In sum, the 3PSM actually performs quite well compared to the two 1PSM implementations—particularly when the focus is on estimation accuracy as is proper; this is especially encouraging given that the 1PSM is correctly specified in all five cases of Figures 1-2 while the 3PSM is only correctly specified in Case 1 of the figures. Although these results favor the 3PSM relative to the two 1PSM implementations, we reiterate our view that selection methods—and indeed any adjustment techniques—should at best be used only for sensitivity analysis.
(1) The same authors have developed a distinct methodology also labelled p-curve that attempts to detect questionable research practices. This note does not comment on that methodology.
(2) Both MLE and KS are asymptotically consistent and thus asymptotically equivalent for the statistical model specified here. Consequently, any justification will likely hinge on small sample properties which can be mathematically intractable for this class of models. Justifications based on robustness to model specification are not germane here because if a different specification deemed more appropriate, the model would be re-specified according to this more appropriate specification and that model estimated.
(3) A careful reading of SNS2014 reveals that the p-curve is not meant to estimate the population average effect size. As shown here and in MBH2016, it cannot as no 1PSM can. This is important because we believe that the heterogeneous effect sizes (i.e., τ > 0) are the norm in psychology research.
[H1984] Hedges, L. V. (1984). Estimation of effect size under nonrandom sampling: The effects of censoring studies yielding statistically insignificant mean differences.
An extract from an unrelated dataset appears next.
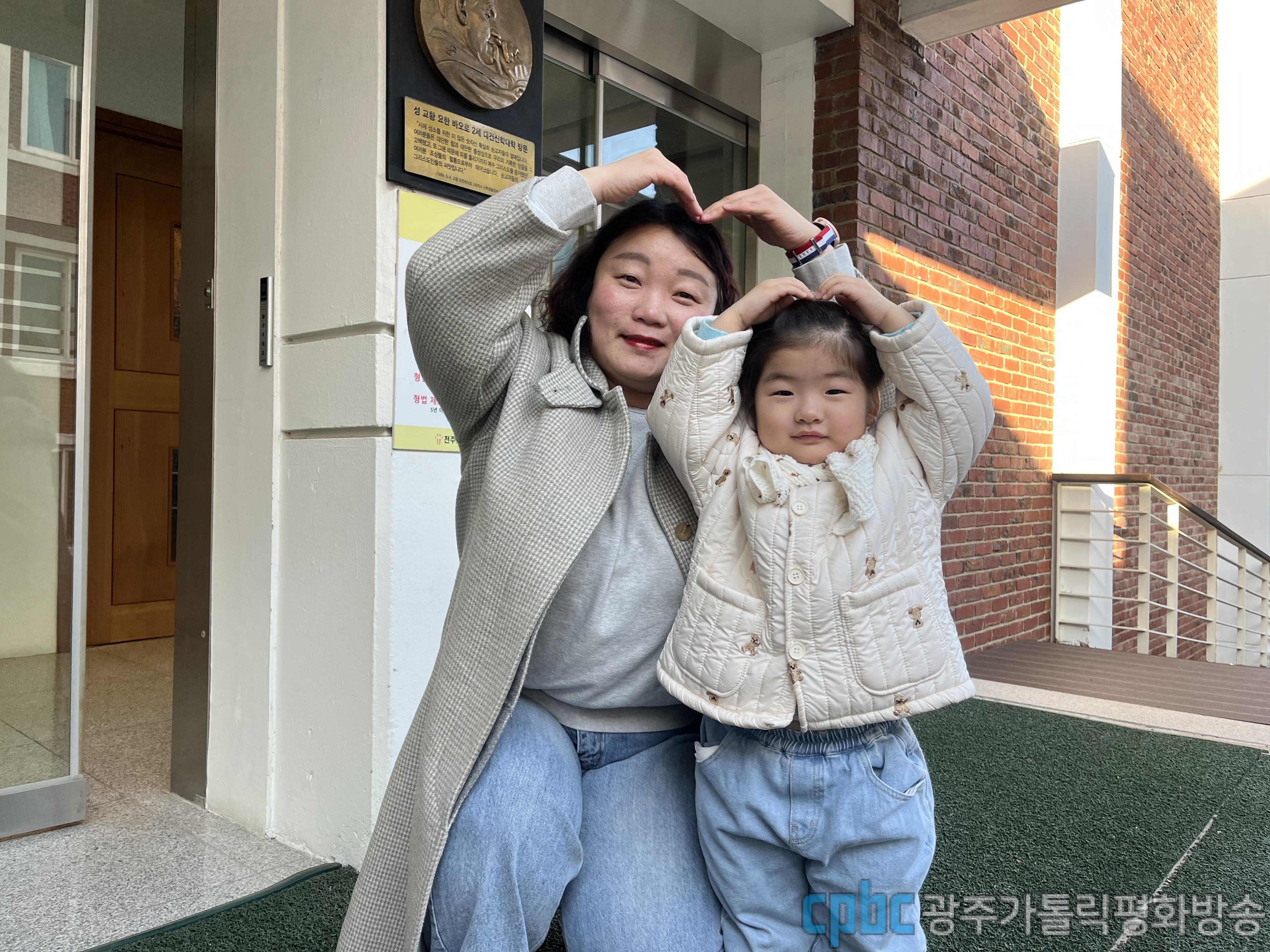 대성동본당 김지애(가타리나)자매는 딸 조유연(체칠리아)과 함께 해외 선교사제 파견미사에 참례해 김용빈 사도요한 신부의 선교사제로서의 사목 활동을 응원했다.

Journal of Educational and Behavioral Statistics, 9, 61–85.
[MBH2016] McShane, B.B., Böckenholt, U., and Hansen, K.T. (2016), “Adjusting for Publication Bias in Metaanalysis: An Evaluation of Selection Methods and Some Cautionary Notes.” Perspectives on Psychological Science, 11(5), 730-749.
[SNS2014] Simonsohn,U., Nelson, L.D. and Simmons, J.P. (2014) “p-Curve and Effect Size: Correcting for Publication Bias Using Only Significant Result”, Psychological Science, 2014, Vol.9(6), 666-681.